HP support for Debian isn’t great to say at least, only repo available is for management Component Pack (drivers, system management homepage, etc) – see the very bottom of this page.

No Debian repo for hpsum 🙁 I tried some tricks, I grabbed rpm package for RedHat 7, extracted it and started hpsum manually.

sudo mkdir /opt/hp/hpsum -p
wget http://downloads.linux.hpe.com/SDR/repo/hpsum/RedHat/7Server/x86_64/current/hpsum-7.2.1-6.rhel7.x86_64.rpm -O /opt/hp/hpsum/hpsum.rpm
sudo apt-get install rpm2cpio
cd /opt/hp/hpsum
rpm2cpio hpsum.rpm | cpio -i --make-directories
cd /opt/hp/hpsum/opt/hp/hpsum/bin
./hpsum
# hpsum_service_x64 started successfully on port 63001, ssl port 63002 and ftp port disabled.

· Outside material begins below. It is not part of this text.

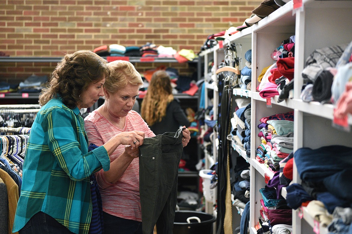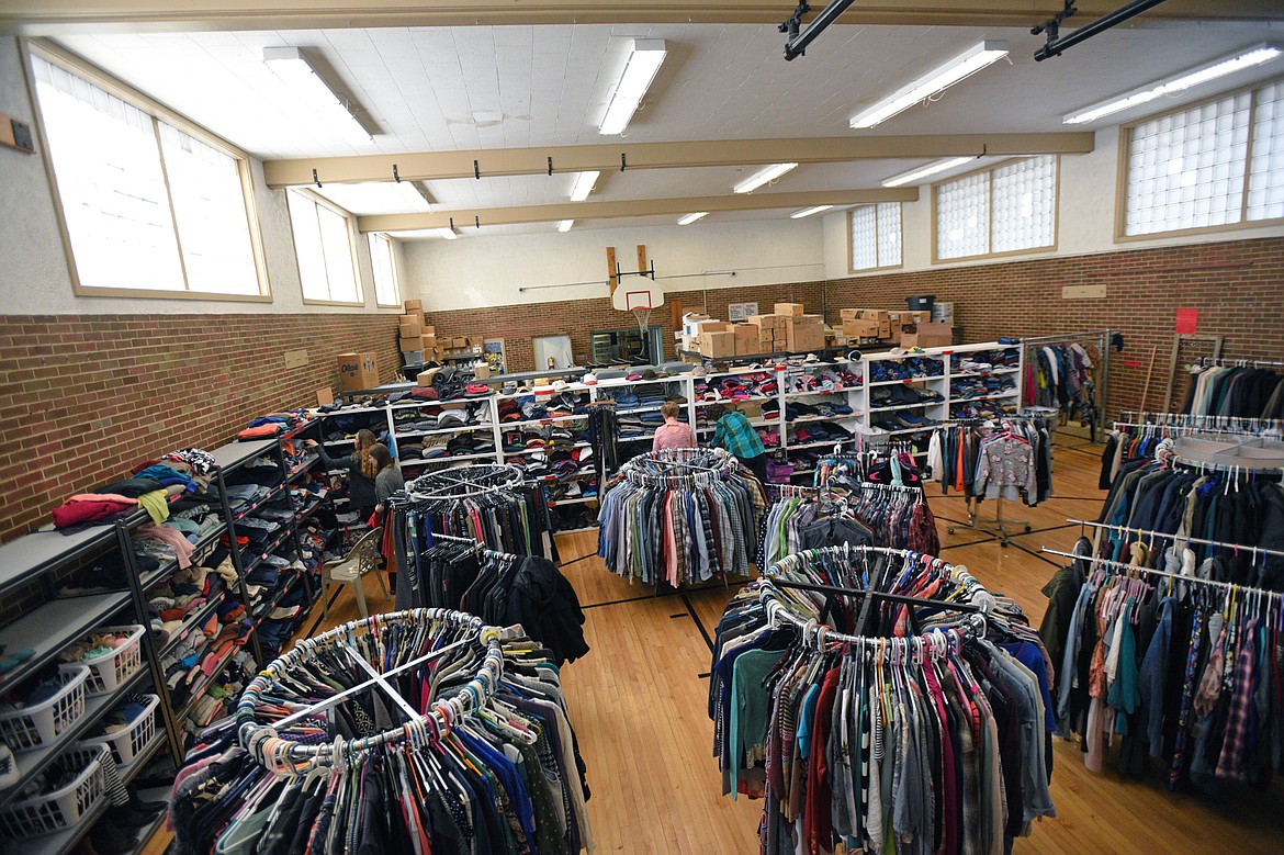 Volunteers sort through shoes, clothes and other donated items at the HEART Locker on Wednesday morning in Kalispell. (Casey Kreider/Daily Inter Lake)

I was able to point web browser to https://server.adres:63002 logged in OK and tried inventorying/deploying at least firmware updates – but unfortunately hpsum service was dying without any meaningful reason in logs.

So essentially on Debian we are stuck with offline update only (i.e. boot your server from SPP iso or DVD). Bugger.

That is an exact reason why I prefer to go to Dell when shopping for servers! Not only made in Poland so rock solid 😉 but also with great support for Debian.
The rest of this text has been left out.